Ее маленькие нежные ручки протянулись ко мне, одновременно как бы желая обнять и умоляя.
И, повинуясь какому-то внутреннему порыву, совершенно не думая о последствиях, отбросив мысль о своей собственной неприюченности и неустроенности, я взяла ее с собой. Мне было как-то непривычно радостно чувствовать около себя такое доверчивое нежное существо. Это ощущение было похоже на материнское чувство, хотя я была только на два года старше Лелечки. Я ни о чем не спрашивала ее. Было понятно без слов, что она, подобно мне, заброшенная, сникшая душа, загубленная на задворках человеческих чувств. Кто она? Выгнали ли ее родители за неловкий шаг неопытной юности? Бросил ли соблазнивший ее, черствый эгоист? Может быть, она уже несколько лет была на трудном наклонном пути, сойти с которого редко кто может помочь. Толкают еще дальше. Но чутьем, каким-то глубоким внутренним слухом я почувствовала в ней, несмотря на уличную случайную встречу, большую внутреннюю чистоту, соединенную с физической опрятностью. Она была одинока, голодна, несчастна, но не опустилась. Ей было не под силу бороться в этом страшном и непонятном мире, где грубые руки и ноги ломают хрупкий фарфор и топчут цветы.

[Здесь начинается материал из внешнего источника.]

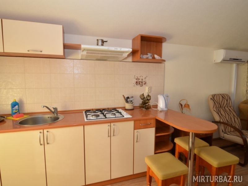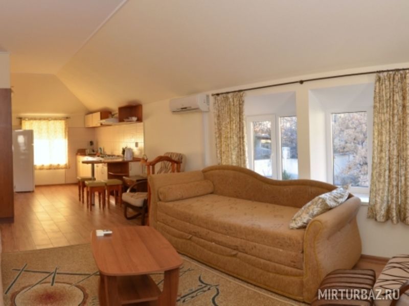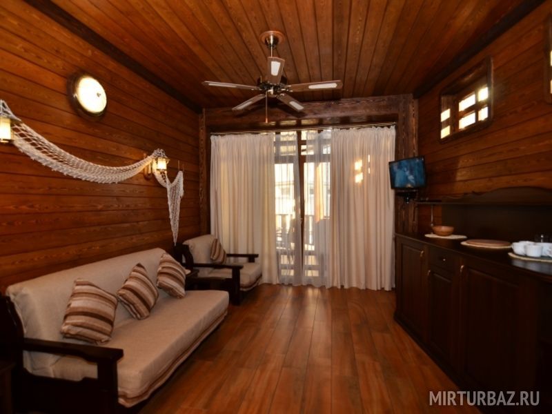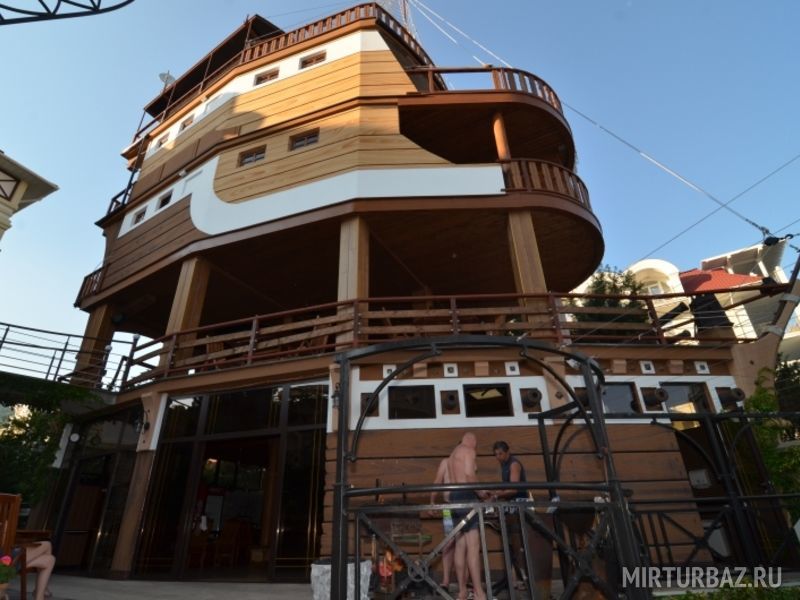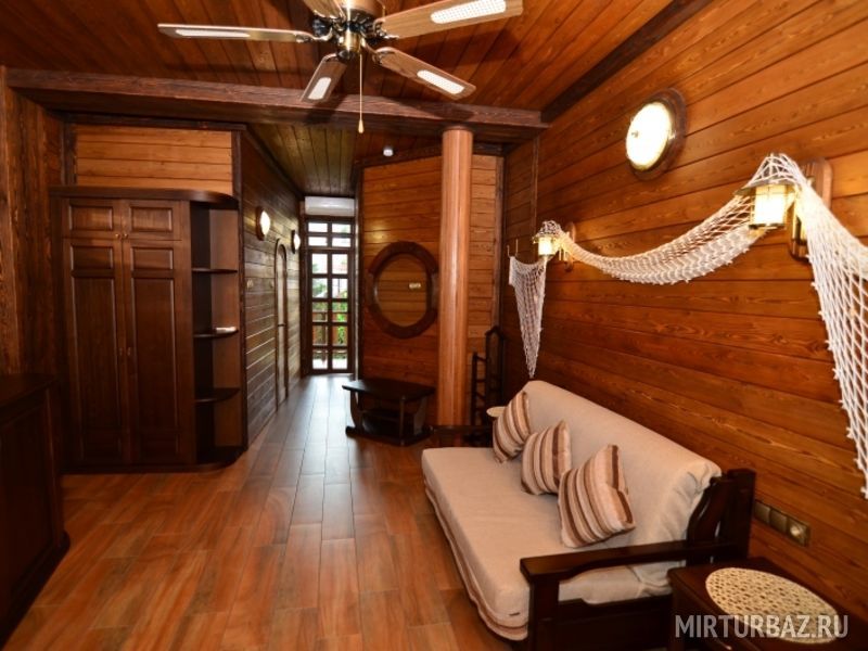 Гостевой дом выглядит неординарно – он спроектирован в виде деревянного корабля. Внутри вы найдете уютные комфортабельные номера категорий «люкс» и «стандарт», благоустроенную кухонную зону и оборудованную на верхней палубе зону отдыха, с которой открываются такие виды на окрестности, что захватывает дух!

Лелечка осталась у меня. Должна признаться: я ленива по натуре. Мне всегда надоедала возня с кастрюлями, скучные хозяйственные обязанности, уборки, стирки. Я делаю все без всякого энтузиазма. Впрочем, тебе не надо об этом рассказывать. Последний год нашей совместной жизни с тобой являлся достаточно наглядным. Правда, ты был очень терпеливым мужем и часто делал за меня многое, что, в сущности, мужчине не подобает. Но ты никогда не задавался вопросом, отчего во мне произошел такой сдвиг? Разве первые годы нашей любви я была плохой хозяйкой? Вспомни сам сколько раз я ждала твоёго прихода, приготовив все для того, чтобы ты мог отдохнуть дома, почувствовать тепло и уют… Но… обед простывал, а вместе с ним во мне остывало желание что-нибудь делать для дома. Не ты ли пропадая по суткам, приучил меня к шатаниям на обеды в столовки и рестораны, хотя дома все могло быть лучше, уютнее и красивее? Так подумай, для чего мне нужно было беспокоиться об обедах и уюте тогда, в тяжелые минуты моей жизни, когда я была совершенно одинока и у меня не было даже Вовика? Не буду, впрочем, клеветать на себя. У меня всегда было чисто, так же как и я сама, как женщина, отлично понимала, что нельзя опускаться в физическом смысле до отвратительной неряшливости и нечистоплотности, еще более неприятной в «женщине, нежели в мужчине. Но я делала все это с огромным напряжении и пользовалась каждой возможностью избежать, насколько мне могли позволить мои скудные заработки, стирки и уборки.